Book Review: The Magician King (Here Be Spoilers)

So I finished Lev Grossman's The Magician King. I'd been afraid that I wouldn't remember anything from The Magicians, since I read that one years ago. And Grossman doesn't give you much; there are no handy pockets of exposition. And there were definitely a few references I couldn't remember at all, or only vaguely. But somehow it worked anyway; I remembered enough.

The book picks up where the first left off. Quentin, Julia, Eliot and Janet are the kings and queens of Fillory, a Narnia-esque magical land from a book series they grew up reading. It's kind of novel (hah!) to have characters in a fantasy novel have the same literary canon that we do (with the addition of Fillory, of course).

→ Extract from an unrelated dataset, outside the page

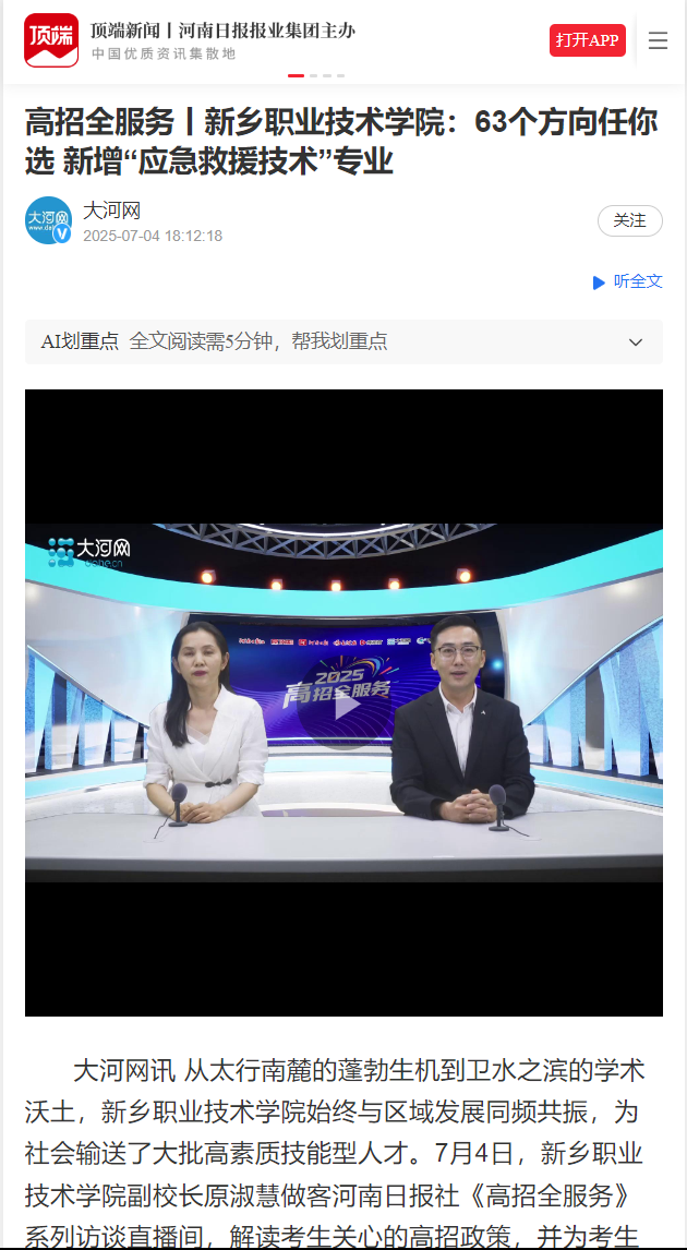 【大河网】高招全服务丨新乡职业技术学院:63个方向任你选 新增“应急救援技术”专业

They make references to Harry Potter and Narnia and Tolkein. They have specific ideas of how things are supposed to work. Take quests, for example:

"He'd read enough to know that a state of relative ignorance wasn't necessarily a handicap on a quest. It was something your dauntless questing knight accepted and embraced. You lit out into the wilderness at random, and if your state of mind, or maybe it was your soul, was correct, then adventure would find you through the natural course of events. It was like free association--there were no wrong answers. It worked as long as you weren't trying too hard."

Dude, I can't even tell you how many quest stories I've tried to write. It seems so easy from the outside because there are no rules, there doesn't have to be a map. But then you have to make shit actually happen, and it gets all complicated and hard. Anyway. The tone of this book is unique. Quentin loves magic the same way any of us fantasy-lovers would if we found out it was real. If I could go to Narnia? Shit. I'd be all over that. So it's easy to identify with Quentin. He can get a little douchey at times, but we get it. He does stuff because it looks cool. He wants adventure because he loves the idea of adventure. It's a specific idea of adventure, too; when he gets stuck on Earth for a few days, even though he's traversing the secret paths of this underground magic community, he's meeting river dragons and hanging out in a palazzo in Venice, he doesn't even realize he's having an adventure. All he can think about is getting back to Fillory. A quest is just more...questy on a ship, amirite?

Quentin's whole journey is only part of the story. Grossman switches between Quentin's perspective in the present and Queen Julia's past. Because Julia was different--she wasn't accepted into the magic school with Quentin and the others. She learned magic existed, and was shut out from that world.

She didn't take it very well.

I loved Julia's chapters. They're darker than Quentin's. She suffers from depression. She throws her old life away, family and all, in her pursuit of magic. I feel like it was handled well. She acknowledges that she's destroying her family, breaking their hearts, by leaving. But we can also understand why she does it. Grossman never condemns her. When she eventually finds her own magic "school," her own community, we know things aren't going to end well. In the present, we know she is struggling with, well, humanity. Quentin notes early in the book that "she didn't speak much these days. And for some reason she'd mostly given up using contractions." She only seems to get worse as the book goes on--she retreats into herself, acts all cryptic, that kind of thing. It might be frustrating if Grossman didn't give us insight into how and why she became this way.